Subscapularis forms the greater part of the posterior wall of the axilla and as such lies in close proximity to teres major and latissimus dorsi. The anterior surface of the muscle lies on serratus anterior. When seen from the front it forms the upper boundary of the upper triangular and quadrilateral spaces.
Subscapularis is a multipennate muscle which arises from the medial two-thirds of the subscapular fossa and from tendinous septa, which reinforce the muscle, attached to bony ridges in the fossa. There is also an attachment to the fascia covering the muscle. The muscle fibres narrow and form a broad, thick tendon which attaches to the lesser tubercle of the humerus, the capsule of the shoulder joint and the front of the humerus below the tuberosity. A bursa, which communicates directly with the shoulder joint, separates the tendon from the neck of the scapula

Nerve supply

Subscapularis is supplied by the upper and lower subscapular nerves, root value C5, 6 and 7, from the posterior cord of the brachial plexus.
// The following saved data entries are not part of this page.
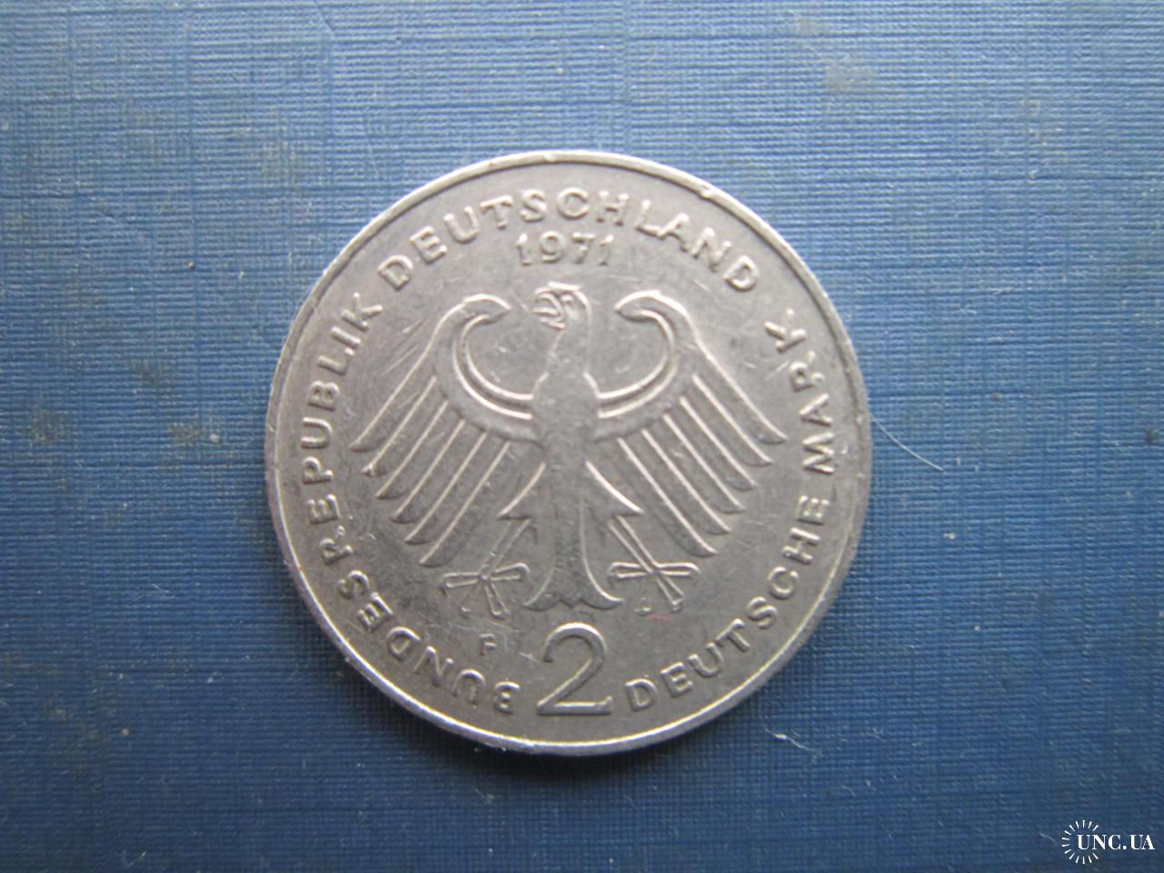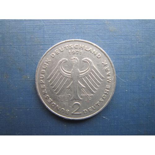 Монета 2 марки Німеччина ФРН 1971 F Теодор Хойс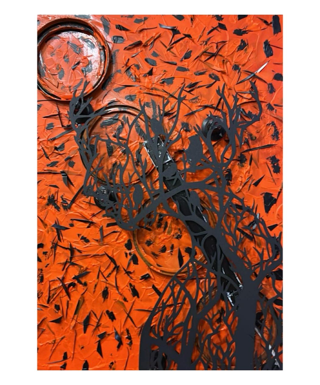Mixed media with acrylics and a metal surface in orange, with backlighting.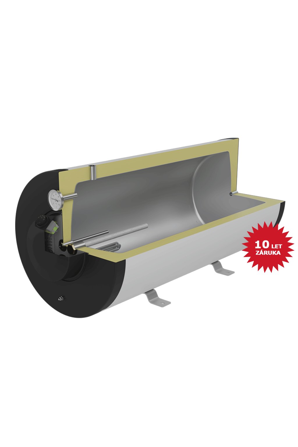 - Tepelná izolace ohřívače (tvrzená PUR pěna o síle 50 mm) zajišťuje minimální tepelné ztráty a nízké provozní náklady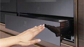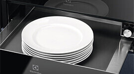 The push-to-open drawer with soft-closing action and full extension makes loading and removing plates easy, even when your hands are full. For added safety, heating automatically stops when the drawer is opened.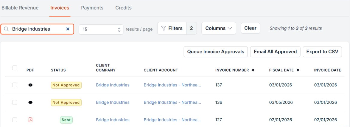 Navigate to Revenue > Invoices, find the newly created invoice, and open it.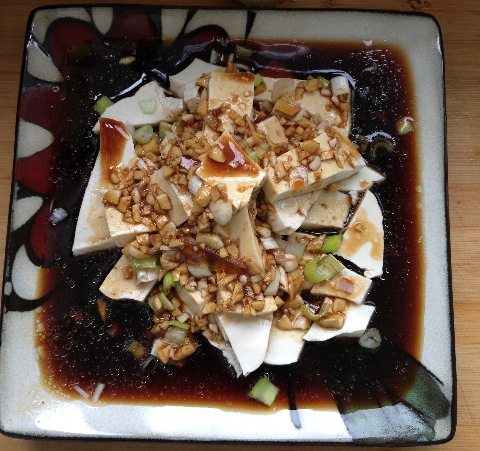 3:豆腐上撒些葱花,然后把调好的料汁淋在豆腐上即可!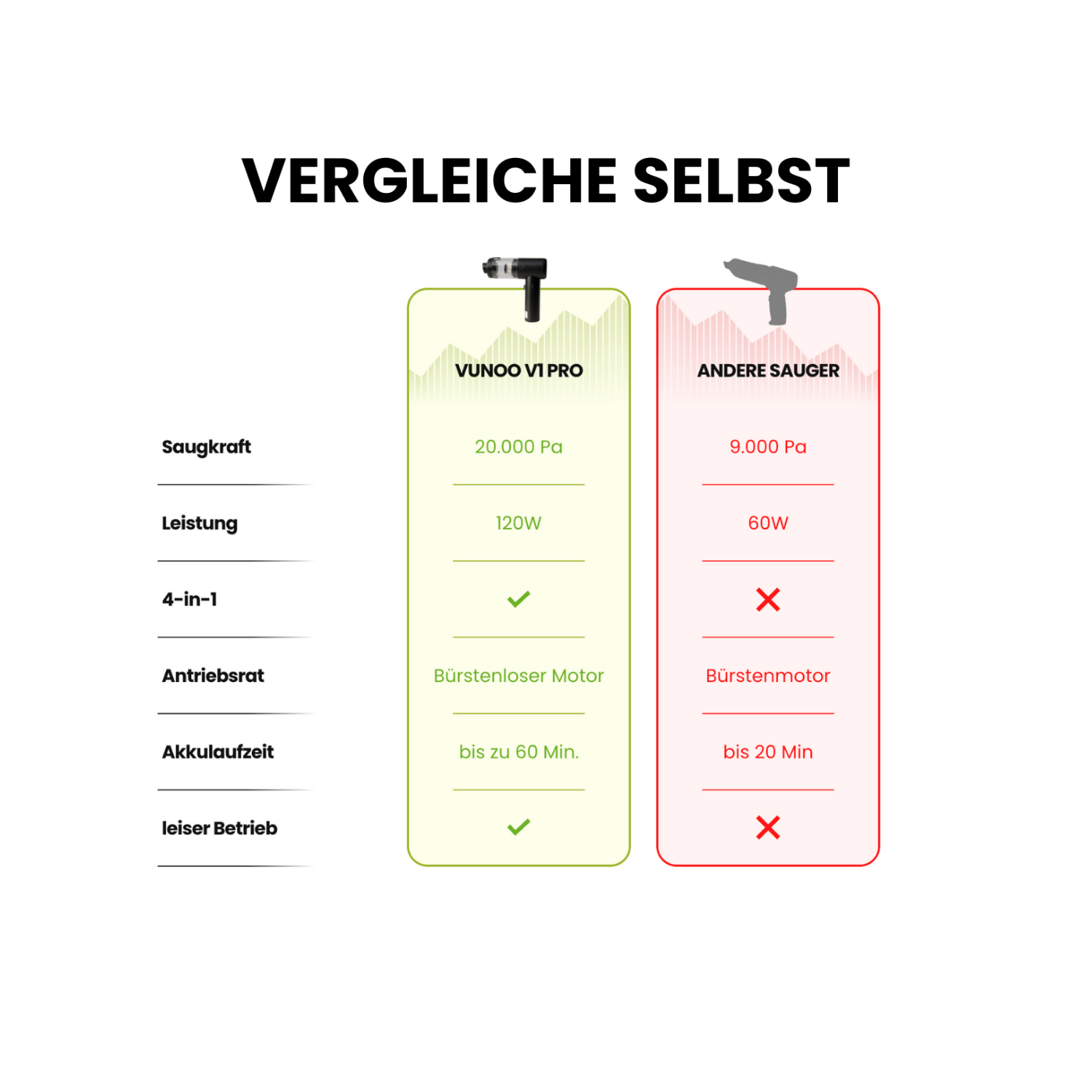Entdecken Sie die Vorteile, die der VUNOO V1 PRO zum Marktführer in seinem Segment machen. Durch seine unangefochtene Saugkraft und vierfache Funktionalität bietet er eine mühelose, zeiteffiziente Lösung für alle Reinigungs- und Alltagsanforderungen.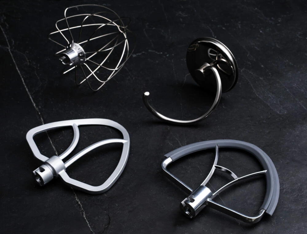 Det medfølger også en praktisk omrører med silikon, som er ideell til å blande f. eks kremer og kakefyll. Kjøkkenmaskinen blander effektivt ingrediensene og du vil oppleve f. eks en bedre deig ved elting, en luftigere konsistens ved pisking ved bruk av kjøkkenmaskin.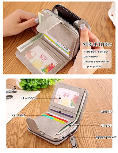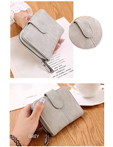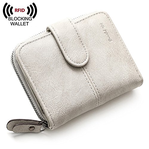 Womens RFID Blocking Soft Matte Leather Bifold Short Wallet Card Holder Zipper Coin Pocket Ladies Girls Travel Purse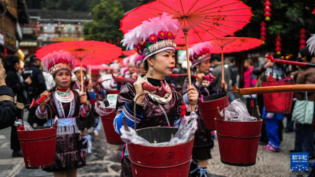 12月20日,肇兴侗寨的展演队伍在行进中。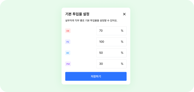 리소스를 투입할 시, 각 직무에따라 기본 투입율%가 바로 적용될 수 있도록 기본 투입율 설정 기능이 추가됐어요. 기존에 10%단위로 선택할 수 있었던 투입율 선택부가 직접입력으로 변경되었어요.
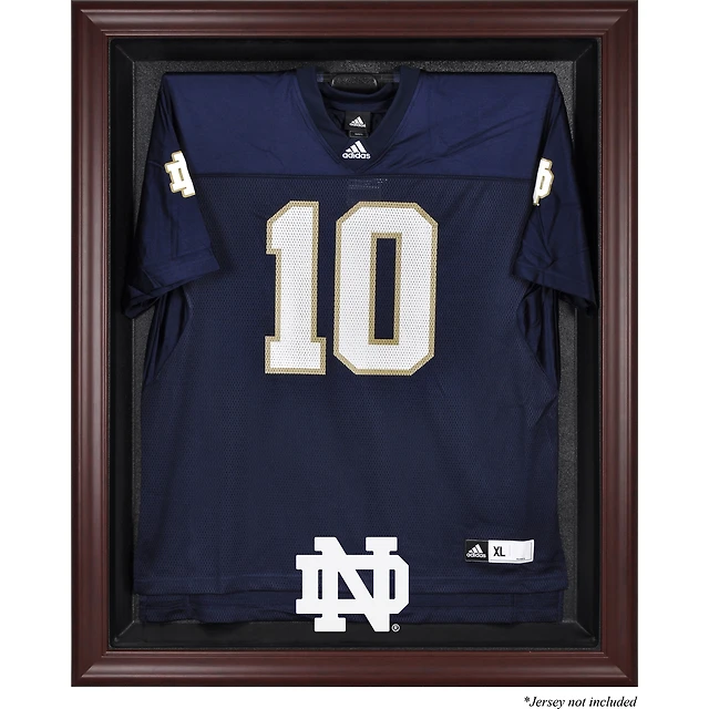 Vitrine de présentation du maillot avec logo encadré en acajou des Fighting Irish de Notre Dame
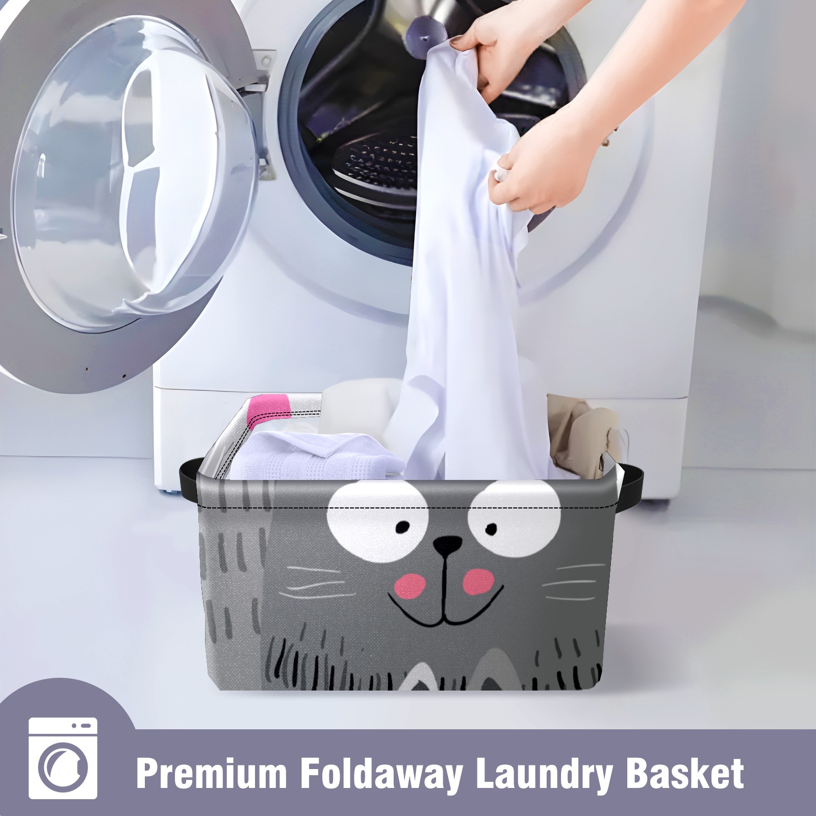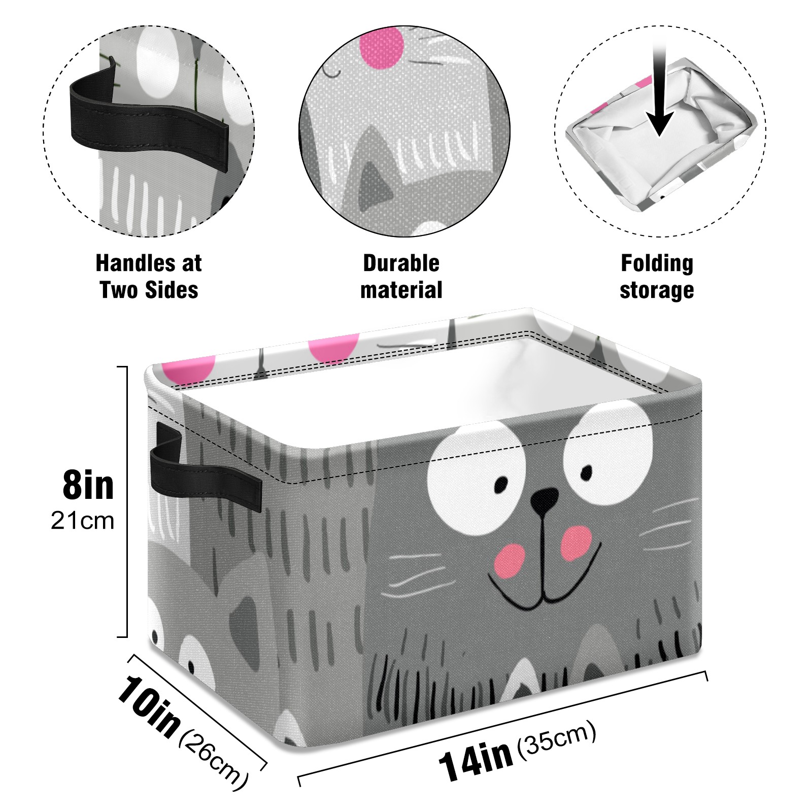 Collapsible 600D Oxford Storage Basket with Cute Funny Cats Kitty Grey - Metal Frame 10"x14"x8" Reinforced Handles, Multi-Purpose Organizer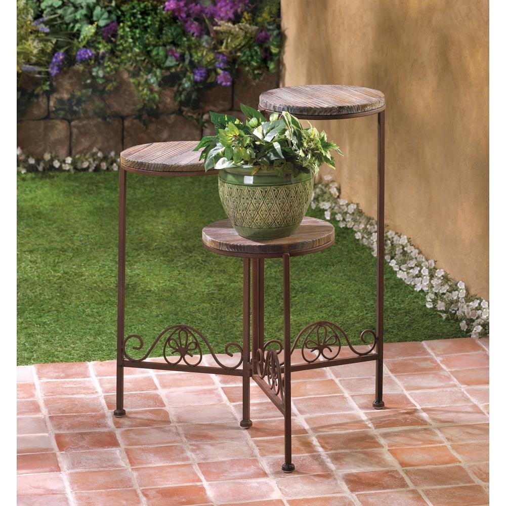 • Weathered wood and rustic finish lend a timeless look to this handsome planter stand! Folding configuration and three graduated pedestals let you arrange your favorite greenery for maximum style impact.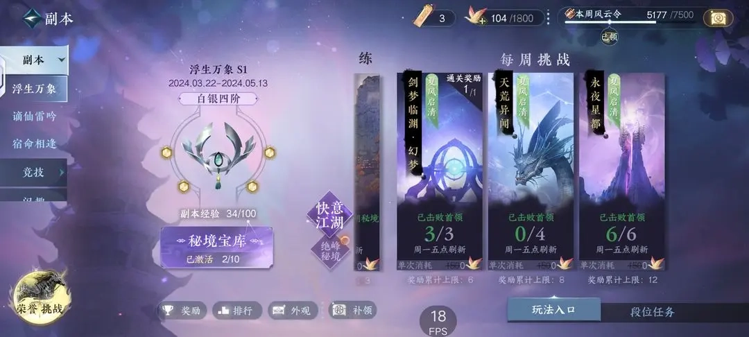 这个时候我们的装备评分大概在八九万,我们就可以去打副本,先打浮生万象千万别碰其他两个。(所有副本都可以用人机打过)(先打天荒异闻,剑梦,最后打永夜)(商城每周买五个吉运签,后三关都用一遍,剩下的补没出的装备)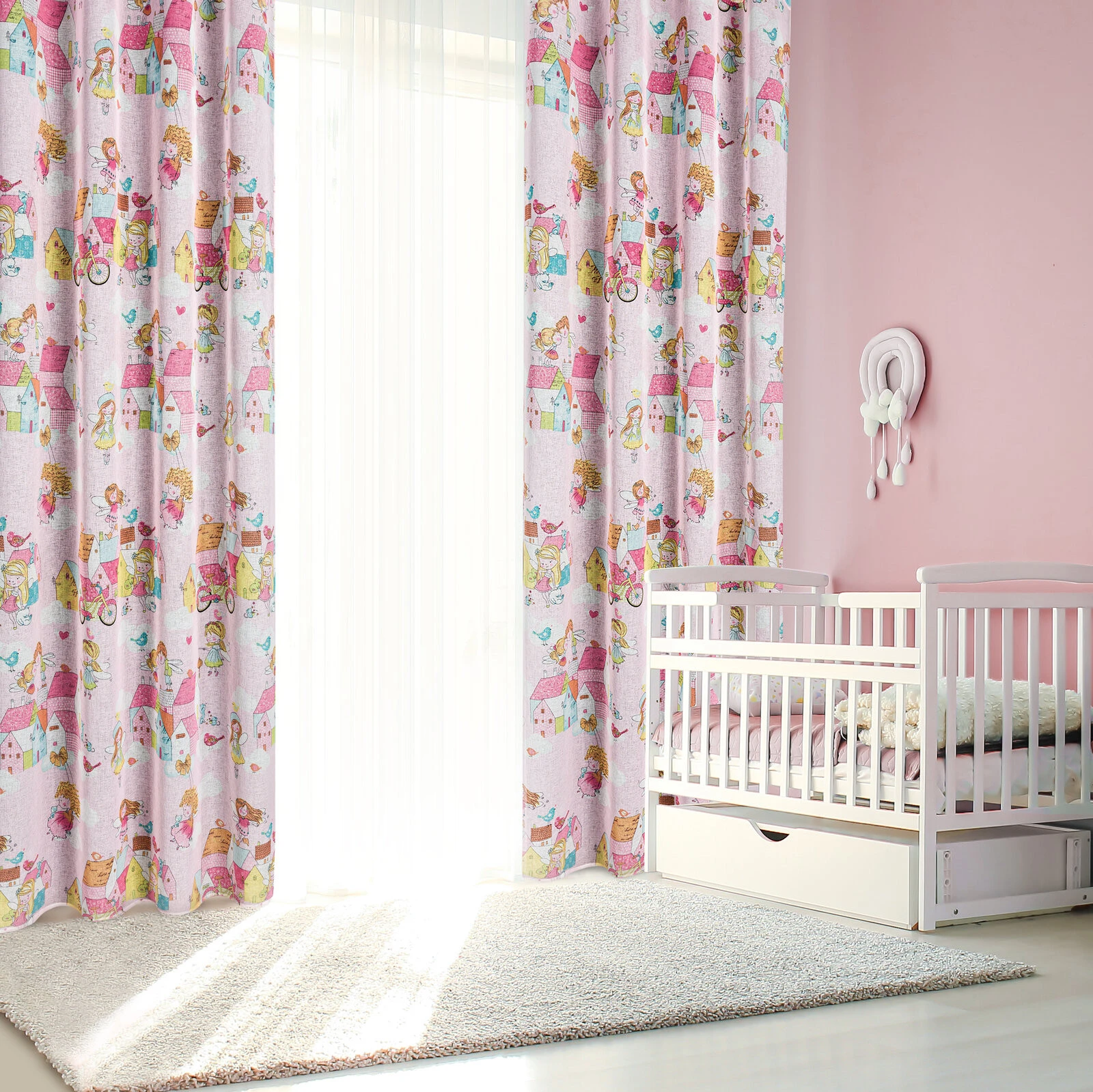 - Zasłona gotowa ze wzorem dziecięcym szerokość: 140 cm, długość: 250 cm, kolor: różowy, Gramatura: 130 GSM, Skład: 100% poliester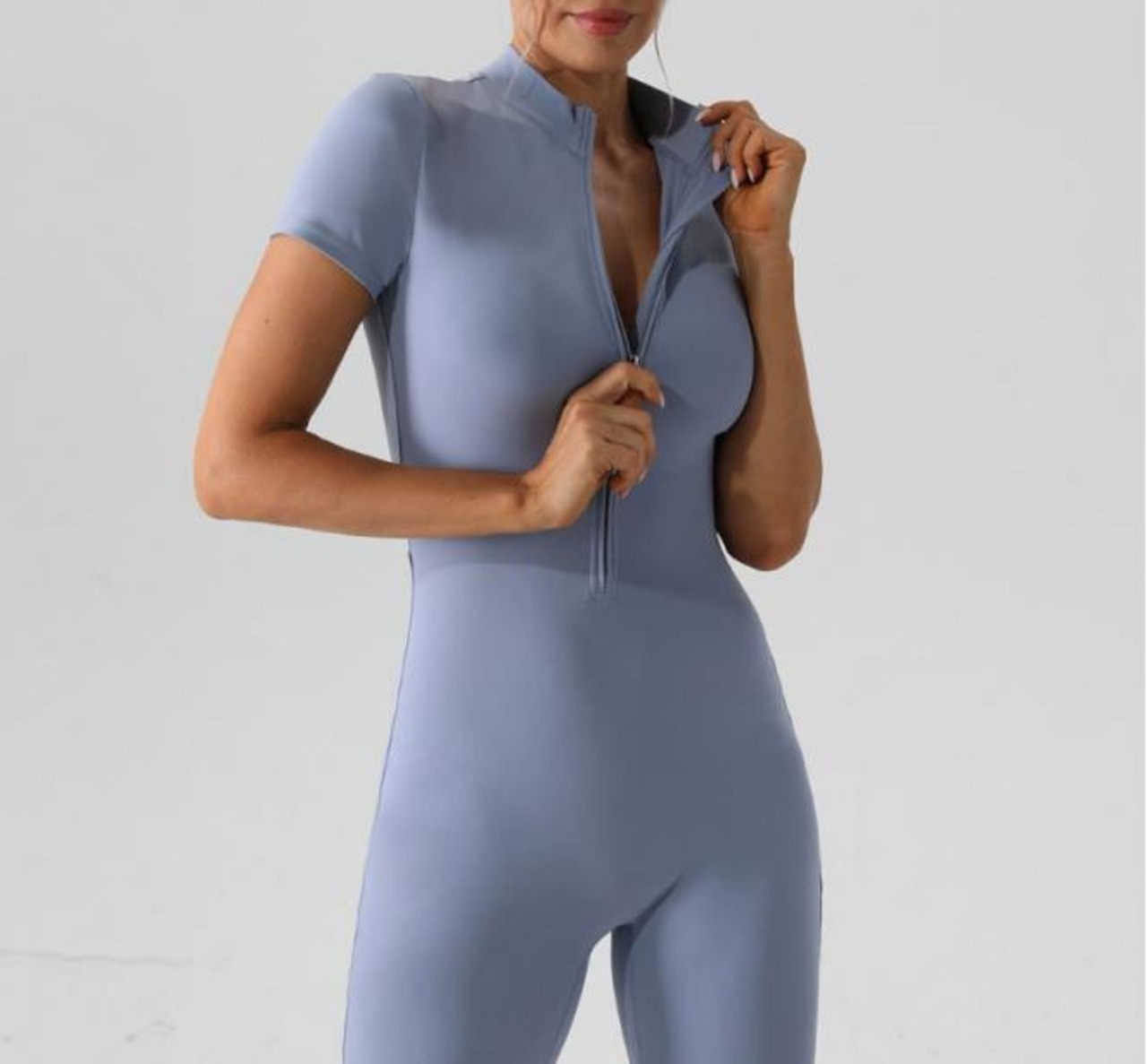 全身を包み込むオールインワンタイプで、トップスとボトムスが一体化しているため、運動中のずれや煩わしさが一切ありません。

Subscapularis is a strong medial rotator of the arm at the shoulder joint; it may also assist in adduction of the arm.

Functional activity

As part of the “rotator cuff”, subscapularis plays an important role in maintaining the integrity of the shoulder joint during movement, by keeping the head of the humerus within the glenoid fossa. It also resists upward displacement of the humeral head when deltoid, biceps and the long head of triceps are active.


The muscle belly cannot be palpated as it lies deep to the scapula. However, careful deep palpation may allow the tendon to be felt just before its insertion onto the lesser tuberosity.